BEGIN RECORD EXTRACTS
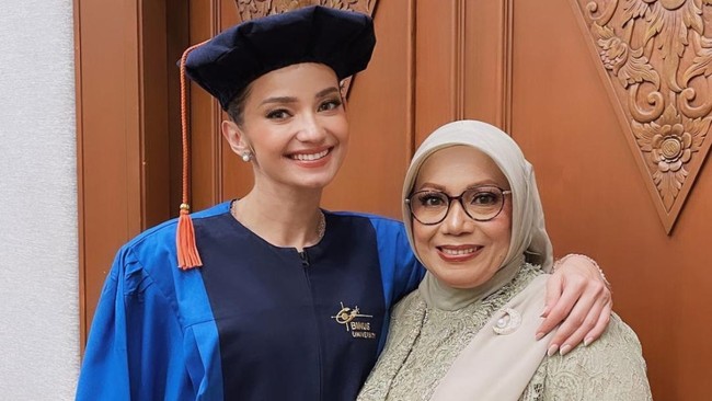 Meski sang suami berada di Amerika Serikat, momen wisuda Enzy Storia ditemani para sahabat seperti Hesti Purwadinata dan Medina. Tidak ketinggalan, Enzy Storia juga didampingi oleh sang bunda.
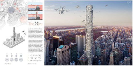 摘要:最近一座专门为无人机设计的摩天大楼获得了eVolo杂志建筑大赛的二等奖。该摩天大楼名为Hive,旨在让无人机进入到纽约市的城市生活中。随着无人机的能力越来越广,人们更多地希望无人机能够走进大众的生活,于是美国的设计师Hadeel Ayed Mohammad、Yifeng Zhao与Chengda Zhu设计了这幢摩天大楼。eVolo解释说这个摩天大楼是对432公园大道土地的创意性利用,该摩天大楼将作为个人使用与商用无人机的停驻点以及充电站。
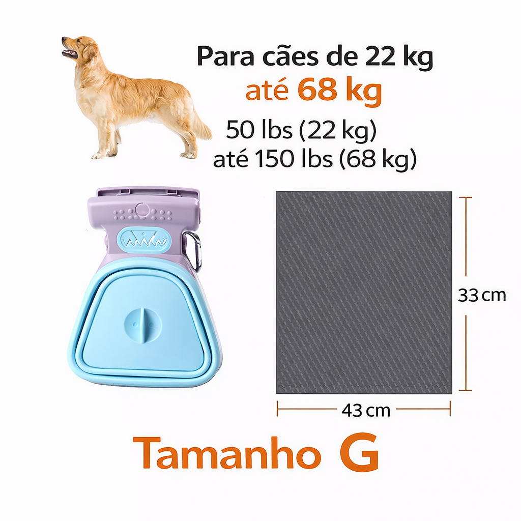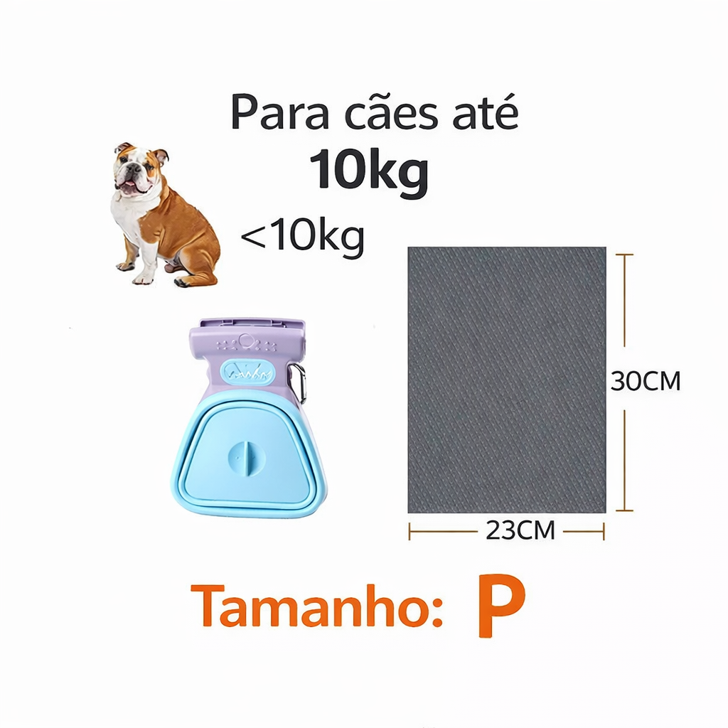 Seu design dobrável economiza espaço e facilita o transporte durante os passeios. Além disso, acompanha rolo de sacos higiênicos, tornando o processo de limpeza rápido, seguro e muito mais conveniente para tutores que gostam de manter os ambientes sempre limpos. 🐶💛
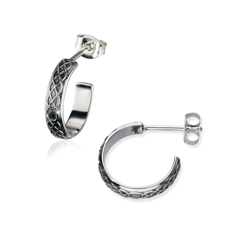Infused with timeless symbolism, these sterling silver huggie hoop earrings feature intricate Celtic knotwork. Compact yet striking, their snug-fitting design offers everyday comfort while adding a touch of heritage elegance. A perfect blend of ancient artistry and modern style, these earrings bring meaning and sophistication to any look.
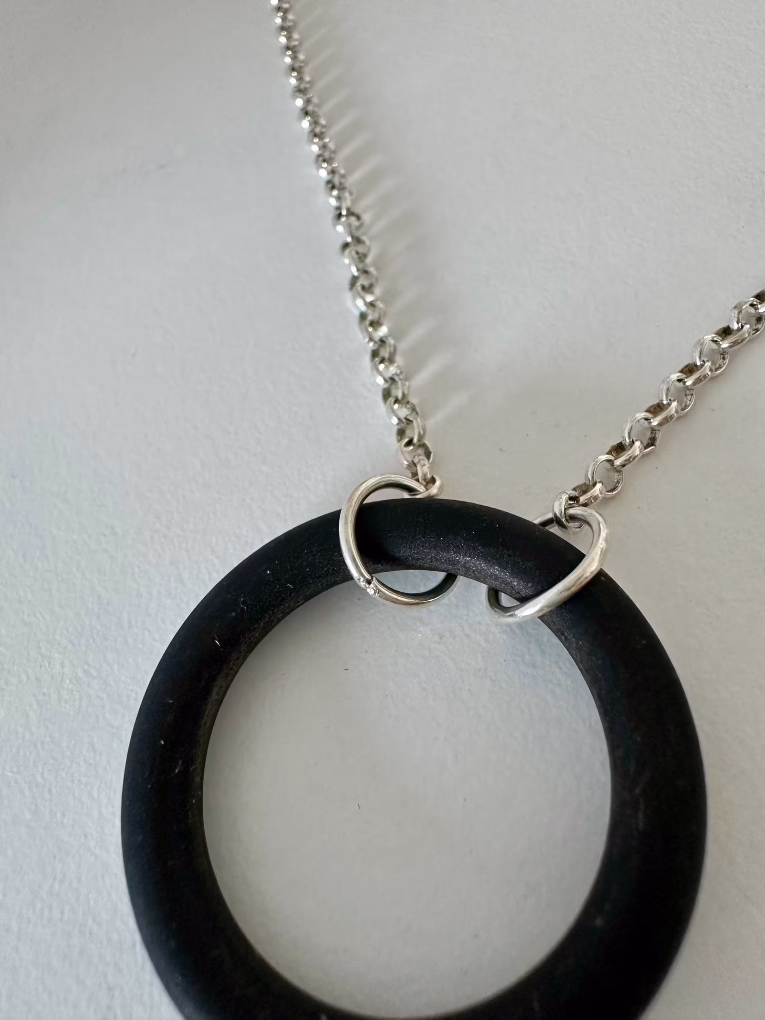 Fint halsband med hänge i form av mattsvart glasring. Kedjan är en rejäl ärtlänk med 3 mm bredd. Allt i äkta silver förutom den lilla kuben på kedjan, som är silverpläterad.
END RECORD EXTRACTS
> [TASK TO CARRY OUT]: Word for word, restate every line of the listing, omitting the pictures.

> [ANSWER BOX]:
 Meski sang suami berada di Amerika Serikat, momen wisuda Enzy Storia ditemani para sahabat seperti Hesti Purwadinata dan Medina. Tidak ketinggalan, Enzy Storia juga didampingi oleh sang bunda.
 摘要:最近一座专门为无人机设计的摩天大楼获得了eVolo杂志建筑大赛的二等奖。该摩天大楼名为Hive,旨在让无人机进入到纽约市的城市生活中。随着无人机的能力越来越广,人们更多地希望无人机能够走进大众的生活,于是美国的设计师Hadeel Ayed Mohammad、Yifeng Zhao与Chengda Zhu设计了这幢摩天大楼。eVolo解释说这个摩天大楼是对432公园大道土地的创意性利用,该摩天大楼将作为个人使用与商用无人机的停驻点以及充电站。
 Seu design dobrável economiza espaço e facilita o transporte durante os passeios. Além disso, acompanha rolo de sacos higiênicos, tornando o processo de limpeza rápido, seguro e muito mais conveniente para tutores que gostam de manter os ambientes sempre limpos. 🐶💛
Infused with timeless symbolism, these sterling silver huggie hoop earrings feature intricate Celtic knotwork. Compact yet striking, their snug-fitting design offers everyday comfort while adding a touch of heritage elegance. A perfect blend of ancient artistry and modern style, these earrings bring meaning and sophistication to any look.
 Fint halsband med hänge i form av mattsvart glasring. Kedjan är en rejäl ärtlänk med 3 mm bredd. Allt i äkta silver förutom den lilla kuben på kedjan, som är silverpläterad.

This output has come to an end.